Overall guidelines for a member equity system
- Shares must be clearly defined as the property of the members. If the co-op allows more than one individual per membership, their shares must be clearly defined as joint (non-dividable) property. The co-op should avoid becoming an arbiter in property disputes.
- The co-op must issue evidence of members’ investment and holding in the co-op. Generally membership cards are sufficient. Some states require co-ops to issue member certificates .
- The co-op should set one reasonable investment requirement of all members — not different levels of investment for individuals, households, seniors, low-income members, etc. Membership requirement and benefits not be changed often as members find such change very unsettling. Avoid referring to “lifetime memberships” since the co-op might sometime need to change its required member investment. Be realistic about the co-op’s future capital needs. Set the share requirement to meet the co-op’s needs for at least 10 years.
- Create several simple payment options for members. Don’t require full payment upon joining, unless you have no other way to finance a start-up. Consider charging an annual processing fee ($3 – 5) for those members who make payments over time. The fee will cover administrative costs and will encourage members to pay in full upon joining.
- It’s reasonable to assess fees for keeping track of memberships. Options include an application fee or fee for processing a request for termination of membership.

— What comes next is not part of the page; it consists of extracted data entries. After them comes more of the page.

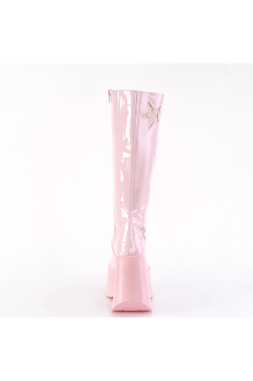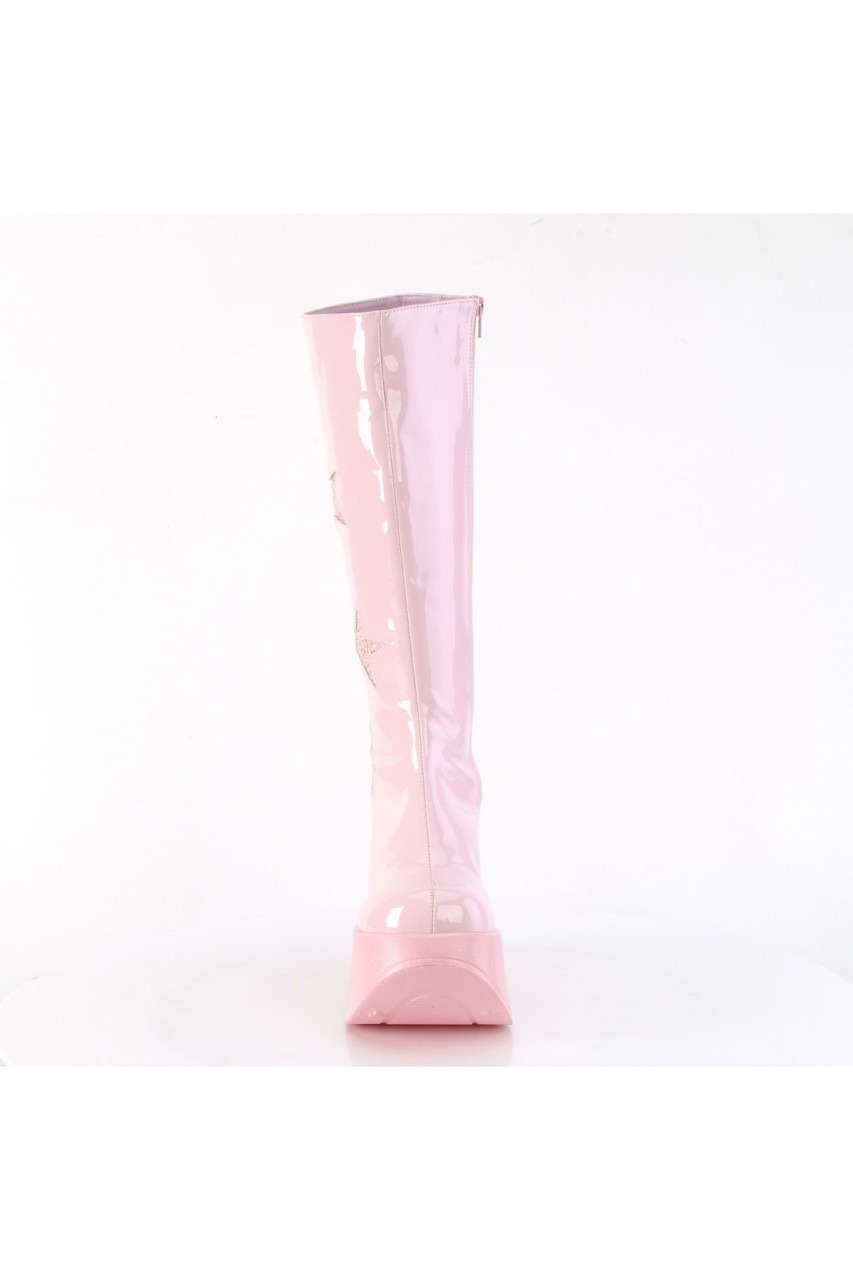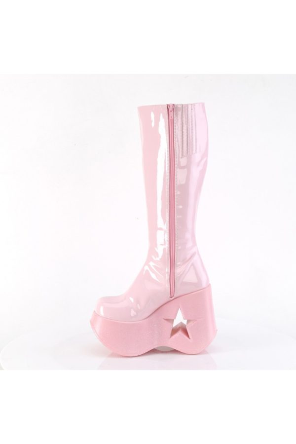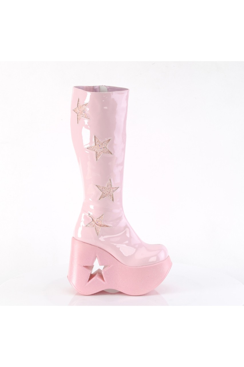 5″” (127mm) Star Cutout Platform Wedge Knee High Boot Featuring Glitter Star Side Patch Details, Inner Side Metal Zip Closure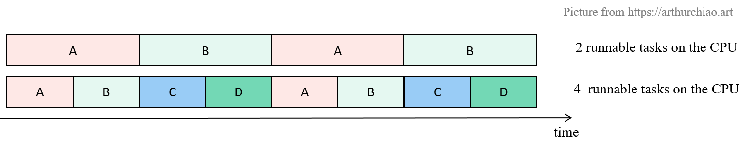CFS(Completely Fair Scheduler)是 Linux 内置(也是目前默认)的一个内核调度器, 如名字所示,它实现了所谓的“完全公平”调度算法,将 CPU 资源均匀地分配给各进程( 在内核代码中称为“任务”,task)。 简单来说,如果一台机器有一个 CPU 多个(计算密集型)进程,那采用 CFS 调度器时,
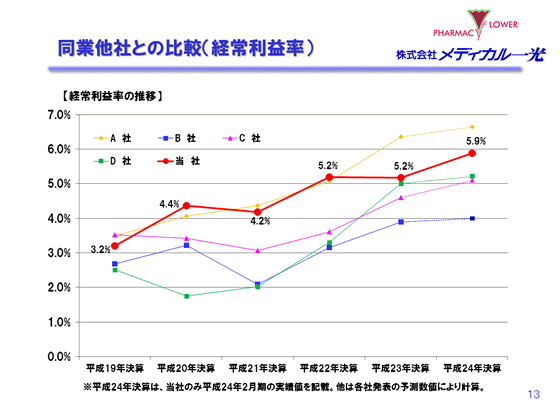 2012年2月期 決算説明会 同業他社との比較(経常利益率)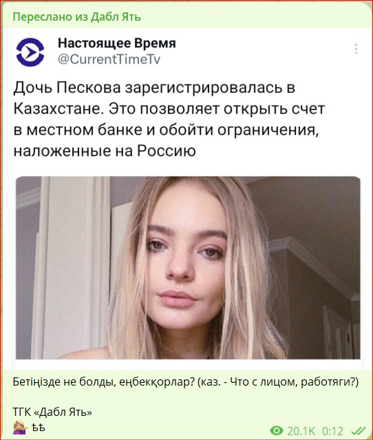Что же вы все о людях сразу плохое думаете? Возможно, она хочет вступить в Талибан, который только что Казахстан исключил из списка плохих парней.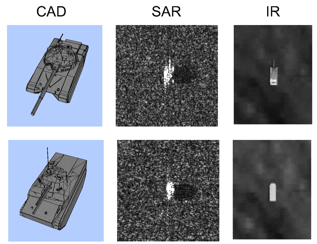 Automatic target detection (ATD) is very important in military applications and there are challenging problems with ground surveillance [1]. Many studies have attempted to achieve high detection rates and low false alarm rates for well-known challenges, such as the target type, weather conditions, and background clutter [2,3,4]. On the other hand, the target detection problem is more difficult if the surveillance area cannot be accessed directly. Figure 1 shows a scenario of target detection in an inaccessible area using a multitude of sensor types, such as infrared (IR) and synthetic aperture radar (SAR), to enhance the detection performance. A SAR sensor mounted on an airplane can image an inaccessible area by the small depression angle and the IR sensor mounted on a satellite or unmanned aerial vehicle (UAV) can image the same region in a top-down view.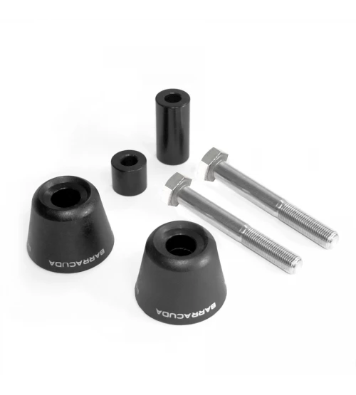 Il KIT TAMPONI BARRACUDA è venduto in set ( dx-sx ), ed è completo di tutto il necessario per il montaggio . I TAMPONI hanno la testa in PVC nero + distanziali in alluminio anodizzato + bulloneria specifica . Si monta senza alcuna modifica alle parti originali . Istruzioni di montaggio figurate comprese.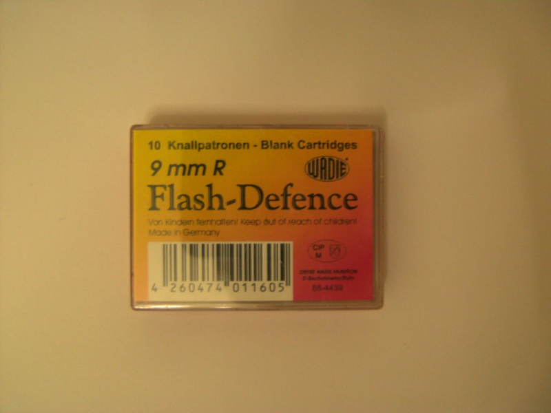 Zum Verkauf steht je 1 Packung Flash-Defence Abwehrmunition der Firma Wadie. Kaliber 9mmR (.380). Deutsches Qualitätsprodukt. Stark geladene Munition, lauter Knall und starkes Mündungsfeuer. Bitte beachten Sie auch meine anderen Auktionen. Bei Bestellung mehrerer Artikel fällt selbstverständlich nur einmal Porto an.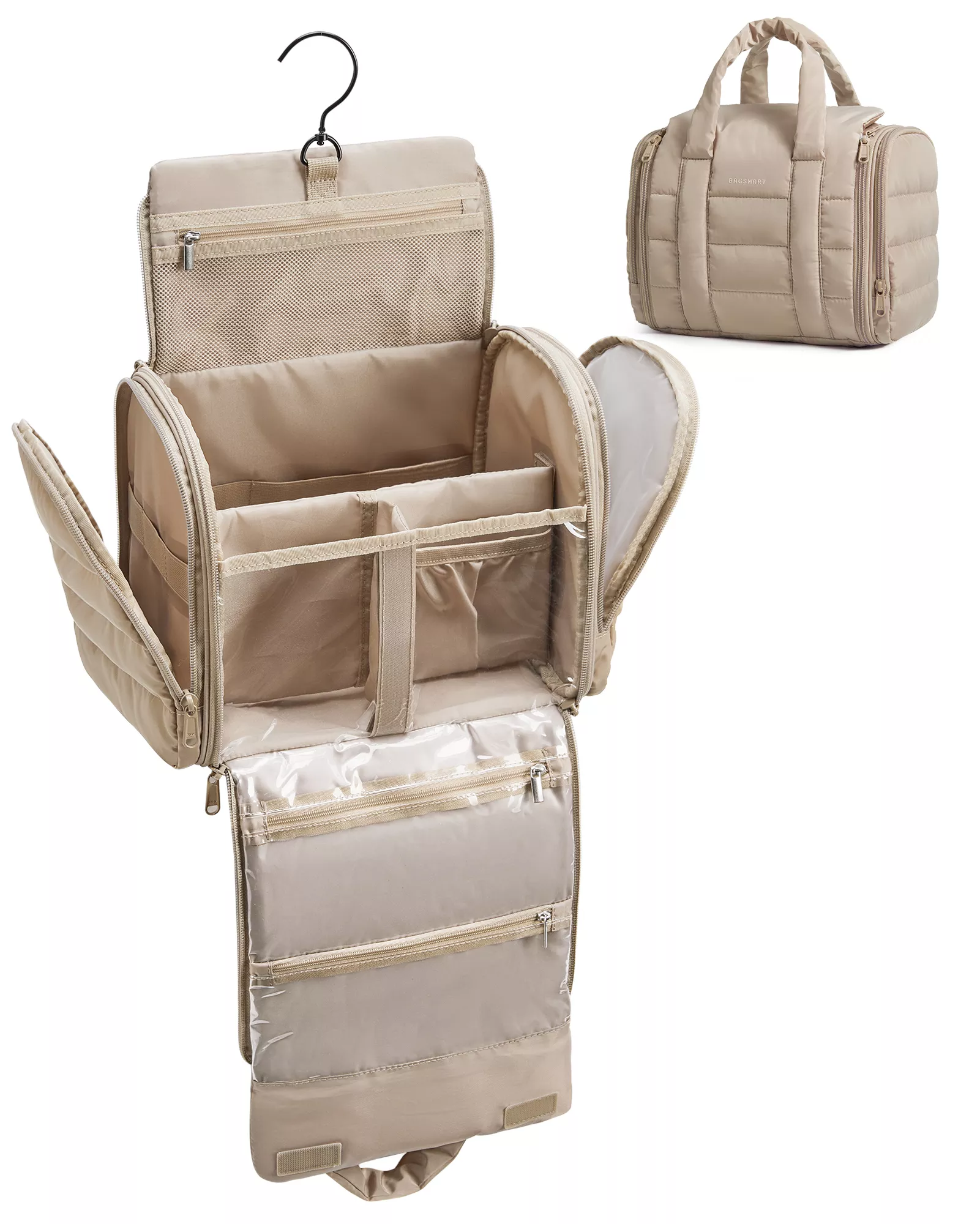 Made from ultra-lightweight, water-resistant polyester with a plush quilted feel, this bag is gentle on your hands yet durable enough for frequent travel. Smooth dual zippers glide easily, and cushioned handles make carrying comfortable. The 360-degree swivel hook allows you to hang it on towel racks, doors, or hooks to free up valuable counter space.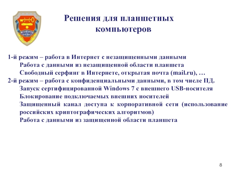 - Комплекс программных решений для защиты планшетных компьютеров.

- Member shares should be fully redeemable (refundable) upon termination of membership (the co-op will repurchase a members’ shares) However, repurchase of shares should be contingent upon replacement. For example, the co-opt might total new share investment each month and process repurchase requests up to that amount. This system helps the co-op avoid heavy seasonal outflows of capital. For a start-up, it’s most common to state that the co-op will be unable to repurchase shares until at least two years after operations begin.
- Member shares represent an investment in the co-op, like stock in a corporation. However, when established correctly, member shares should not be subject to securities regulations. Make sure that a lawyer familiar with co-op securities laws reviews your bylaws and membership documents.
- Keep the membership system simple, so members will be able to understand it and staff will be able to accurately explain it. Keep administrative systems simple as well.
- New member should be eligible for all member benefits (including voting) as soon as the membership application has been processed and approved.